The problem => Lower down are entries containing pictures. Copy exactly, without those pictures, the lines from the line with "MONUMENT AT GETTYSBURG." through the line with "Generally speaking, peacekeepers".

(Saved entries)
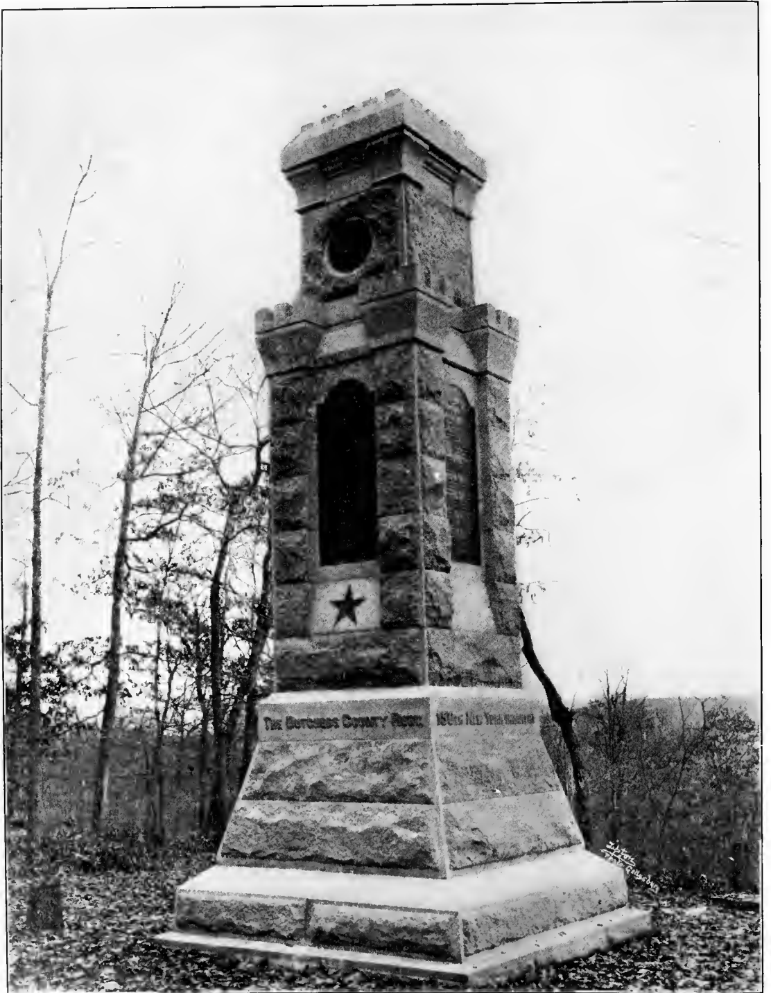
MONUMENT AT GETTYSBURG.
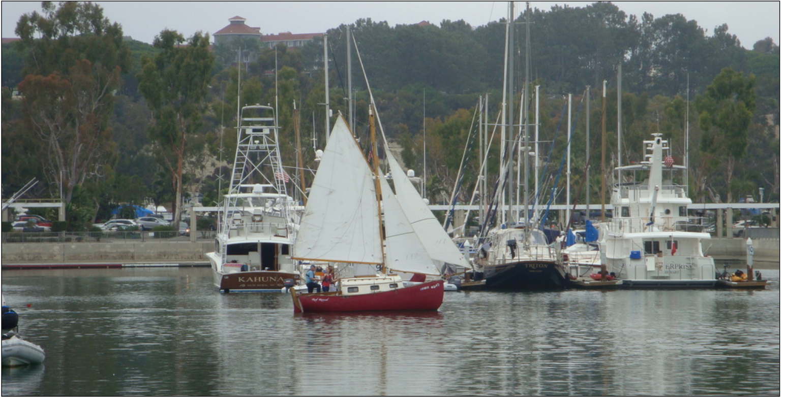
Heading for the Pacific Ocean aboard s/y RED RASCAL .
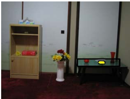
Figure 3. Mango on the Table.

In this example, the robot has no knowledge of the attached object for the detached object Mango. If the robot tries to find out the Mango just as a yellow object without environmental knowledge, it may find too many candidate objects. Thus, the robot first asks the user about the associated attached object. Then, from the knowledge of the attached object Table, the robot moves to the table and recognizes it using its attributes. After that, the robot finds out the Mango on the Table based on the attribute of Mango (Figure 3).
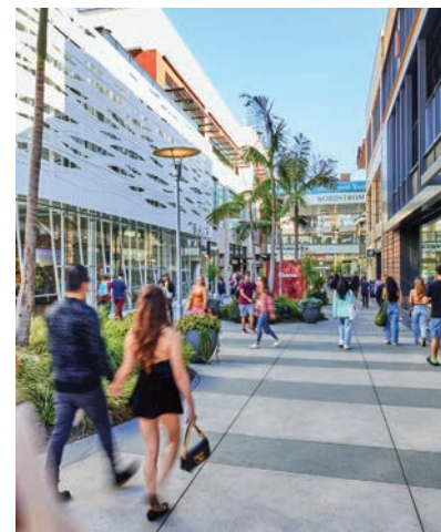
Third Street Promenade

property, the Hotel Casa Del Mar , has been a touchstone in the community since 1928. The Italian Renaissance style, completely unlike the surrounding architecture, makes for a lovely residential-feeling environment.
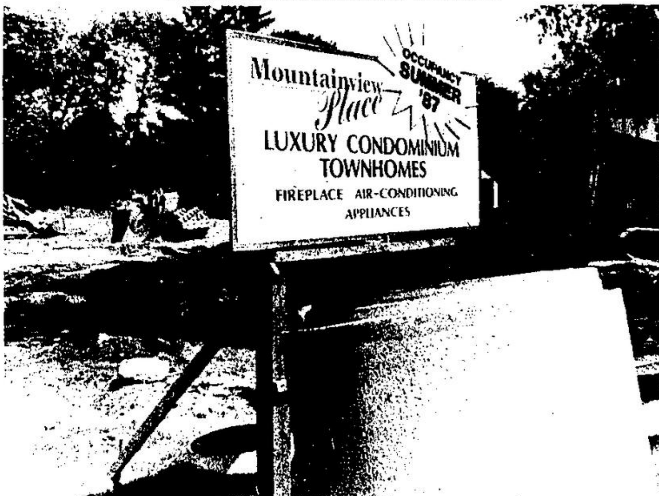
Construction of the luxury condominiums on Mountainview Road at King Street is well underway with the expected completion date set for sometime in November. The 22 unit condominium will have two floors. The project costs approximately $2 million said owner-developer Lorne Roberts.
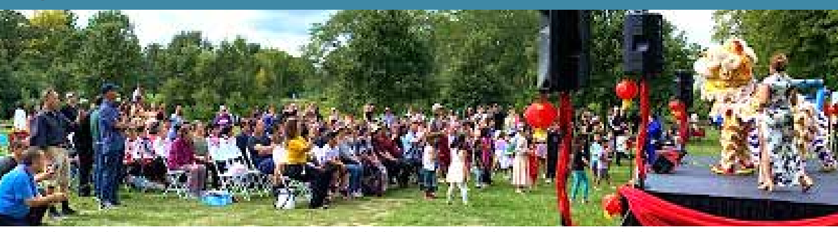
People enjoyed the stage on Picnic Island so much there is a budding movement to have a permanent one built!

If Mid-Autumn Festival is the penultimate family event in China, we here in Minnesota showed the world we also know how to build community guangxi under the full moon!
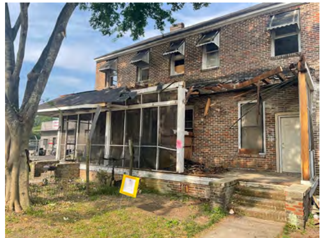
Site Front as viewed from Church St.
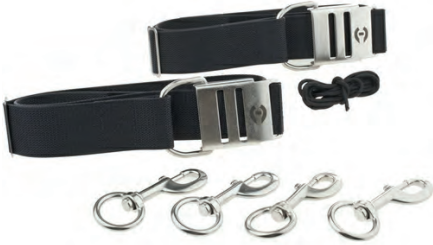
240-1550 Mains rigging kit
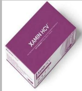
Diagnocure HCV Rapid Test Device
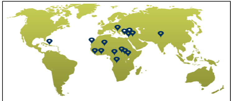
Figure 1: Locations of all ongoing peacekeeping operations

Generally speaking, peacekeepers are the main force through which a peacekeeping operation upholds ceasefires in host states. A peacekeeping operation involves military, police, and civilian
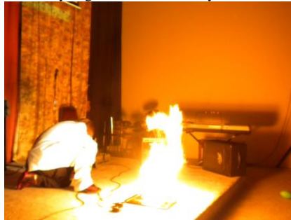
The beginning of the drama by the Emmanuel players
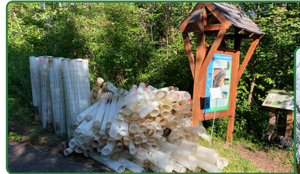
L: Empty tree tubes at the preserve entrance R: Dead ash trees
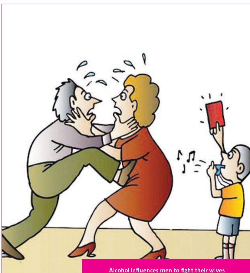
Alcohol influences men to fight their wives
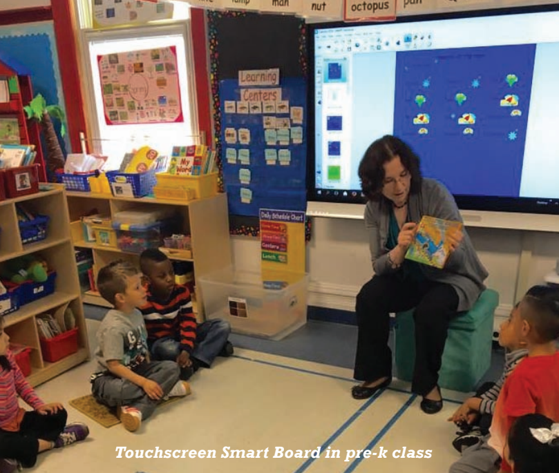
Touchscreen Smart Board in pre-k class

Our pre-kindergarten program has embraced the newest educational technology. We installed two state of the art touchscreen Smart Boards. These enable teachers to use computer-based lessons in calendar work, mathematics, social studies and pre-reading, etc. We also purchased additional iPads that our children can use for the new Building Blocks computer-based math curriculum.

==

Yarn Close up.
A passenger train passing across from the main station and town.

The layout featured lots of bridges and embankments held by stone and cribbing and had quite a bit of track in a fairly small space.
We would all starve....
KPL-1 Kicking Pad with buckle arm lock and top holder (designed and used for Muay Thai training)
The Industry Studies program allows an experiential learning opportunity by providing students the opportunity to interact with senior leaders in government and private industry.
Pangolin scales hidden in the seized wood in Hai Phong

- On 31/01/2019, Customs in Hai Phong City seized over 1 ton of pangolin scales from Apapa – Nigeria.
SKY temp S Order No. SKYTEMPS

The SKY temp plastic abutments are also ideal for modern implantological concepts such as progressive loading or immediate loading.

--

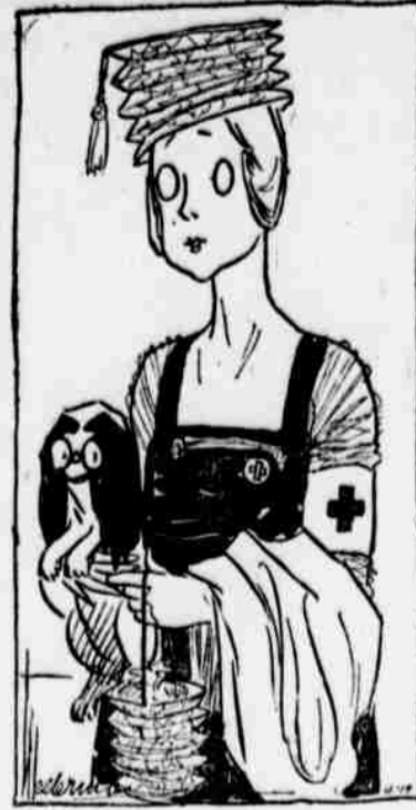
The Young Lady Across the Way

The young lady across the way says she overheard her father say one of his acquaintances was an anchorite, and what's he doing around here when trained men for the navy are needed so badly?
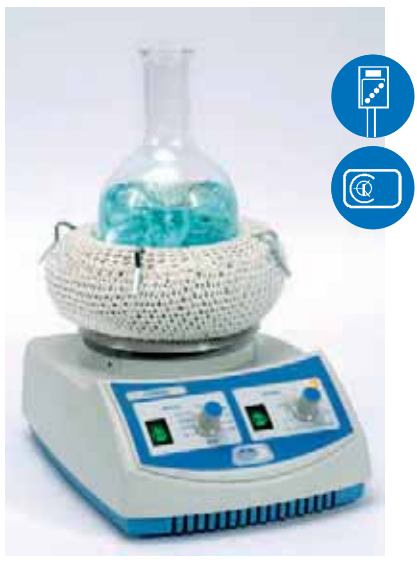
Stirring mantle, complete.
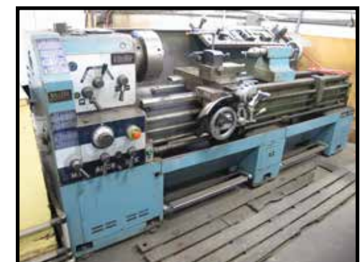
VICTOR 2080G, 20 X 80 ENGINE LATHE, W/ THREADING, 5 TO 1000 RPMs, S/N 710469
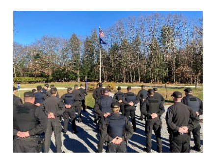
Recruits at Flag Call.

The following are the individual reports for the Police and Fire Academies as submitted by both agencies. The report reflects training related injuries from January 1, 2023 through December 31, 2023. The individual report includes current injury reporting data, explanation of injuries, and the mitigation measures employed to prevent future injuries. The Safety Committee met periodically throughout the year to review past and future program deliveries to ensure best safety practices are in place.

Answer space =>
MONUMENT AT GETTYSBURG.
Heading for the Pacific Ocean aboard s/y RED RASCAL .
Figure 3. Mango on the Table.

In this example, the robot has no knowledge of the attached object for the detached object Mango. If the robot tries to find out the Mango just as a yellow object without environmental knowledge, it may find too many candidate objects. Thus, the robot first asks the user about the associated attached object. Then, from the knowledge of the attached object Table, the robot moves to the table and recognizes it using its attributes. After that, the robot finds out the Mango on the Table based on the attribute of Mango (Figure 3).
Third Street Promenade

property, the Hotel Casa Del Mar , has been a touchstone in the community since 1928. The Italian Renaissance style, completely unlike the surrounding architecture, makes for a lovely residential-feeling environment.
Construction of the luxury condominiums on Mountainview Road at King Street is well underway with the expected completion date set for sometime in November. The 22 unit condominium will have two floors. The project costs approximately $2 million said owner-developer Lorne Roberts.
People enjoyed the stage on Picnic Island so much there is a budding movement to have a permanent one built!

If Mid-Autumn Festival is the penultimate family event in China, we here in Minnesota showed the world we also know how to build community guangxi under the full moon!
Site Front as viewed from Church St.
240-1550 Mains rigging kit
Diagnocure HCV Rapid Test Device
Figure 1: Locations of all ongoing peacekeeping operations

Generally speaking, peacekeepers are the main force through which a peacekeeping operation upholds ceasefires in host states. A peacekeeping operation involves military, police, and civilian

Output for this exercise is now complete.